### DATASET CONTENT

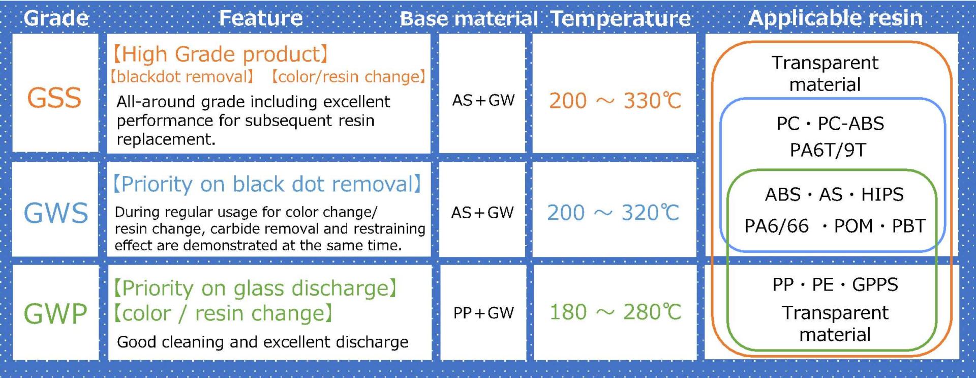 ■ Purging Compound for Plastic Molding Machines with New Materials
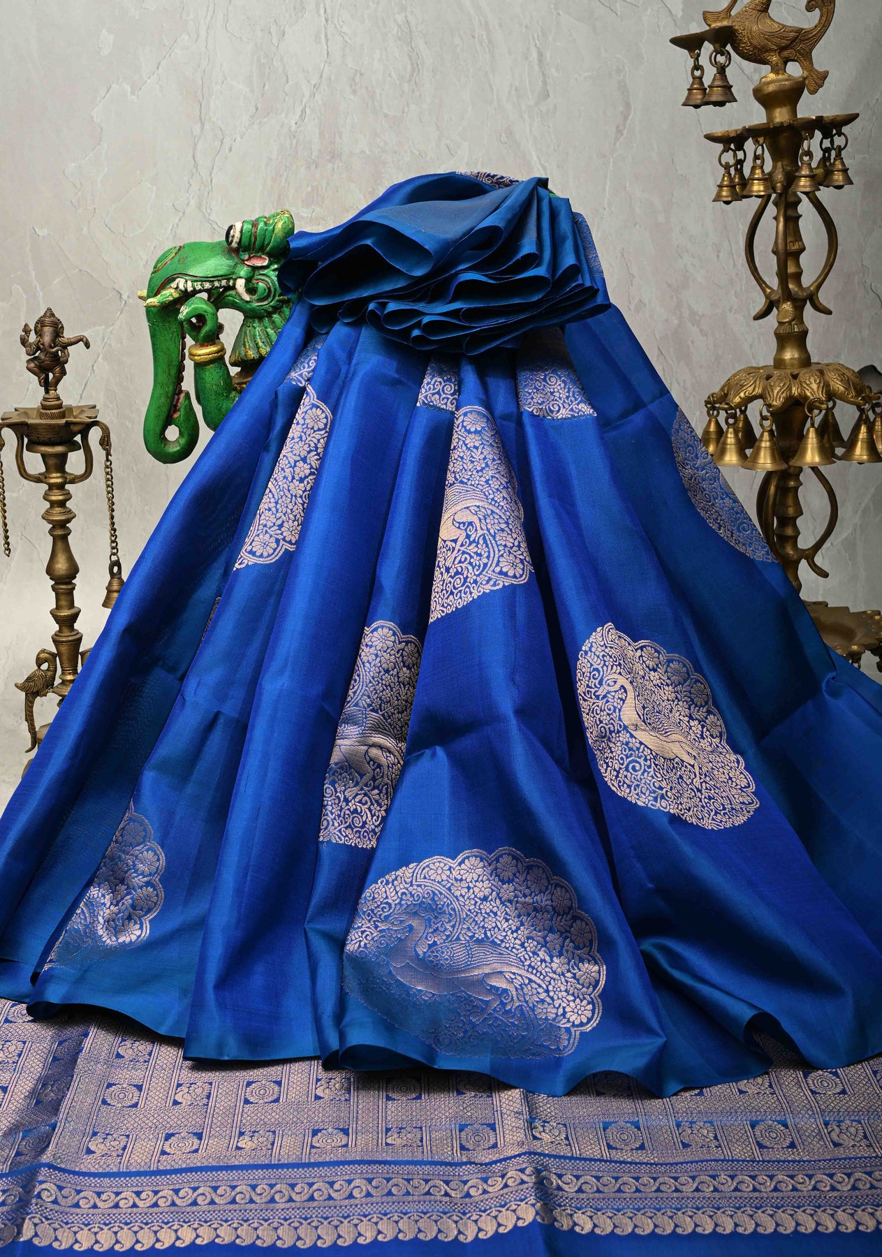 The Royal Blue Dual Tone Borderless Kanjivaram Soft Silk Saree with Peacock Motifs is a striking blend of regal tradition and modern elegance. Crafted from luxurious Kanjivaram soft silk, this saree features beautifully woven peacock motifs across the body, symbolizing grace, beauty, and timeless heritage. The borderless design adds a contemporary, minimalist touch, allowing the rich dual-tone weave and intricate motifs to shine.
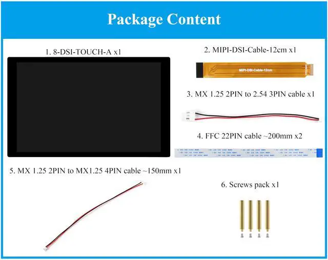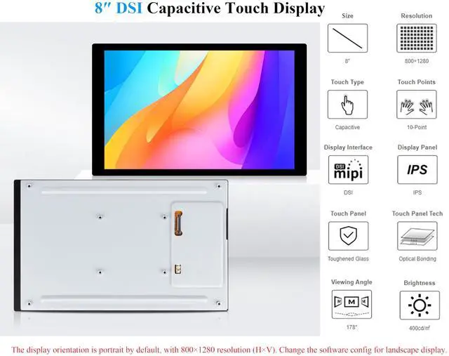8inch DSI touch screen, 10-Point Capacitive Touch control. 800x1280 resolution. Note: The display orientation is portrait by default, with 800×1280 resolution (H×V). Change the software config for landscape display.
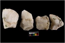 | Description / विवरण | Specimen of a cores with several broad fluted marks. The reverse bulb and platform can be seen. The flake scars are seen on all sides. |

### YOUR OBJECTIVE
Write out the data in full and exactly as given, though without the images.

### FINAL ANSWER
 ■ Purging Compound for Plastic Molding Machines with New Materials
 The Royal Blue Dual Tone Borderless Kanjivaram Soft Silk Saree with Peacock Motifs is a striking blend of regal tradition and modern elegance. Crafted from luxurious Kanjivaram soft silk, this saree features beautifully woven peacock motifs across the body, symbolizing grace, beauty, and timeless heritage. The borderless design adds a contemporary, minimalist touch, allowing the rich dual-tone weave and intricate motifs to shine.
8inch DSI touch screen, 10-Point Capacitive Touch control. 800x1280 resolution. Note: The display orientation is portrait by default, with 800×1280 resolution (H×V). Change the software config for landscape display.
 | Description / विवरण | Specimen of a cores with several broad fluted marks. The reverse bulb and platform can be seen. The flake scars are seen on all sides. |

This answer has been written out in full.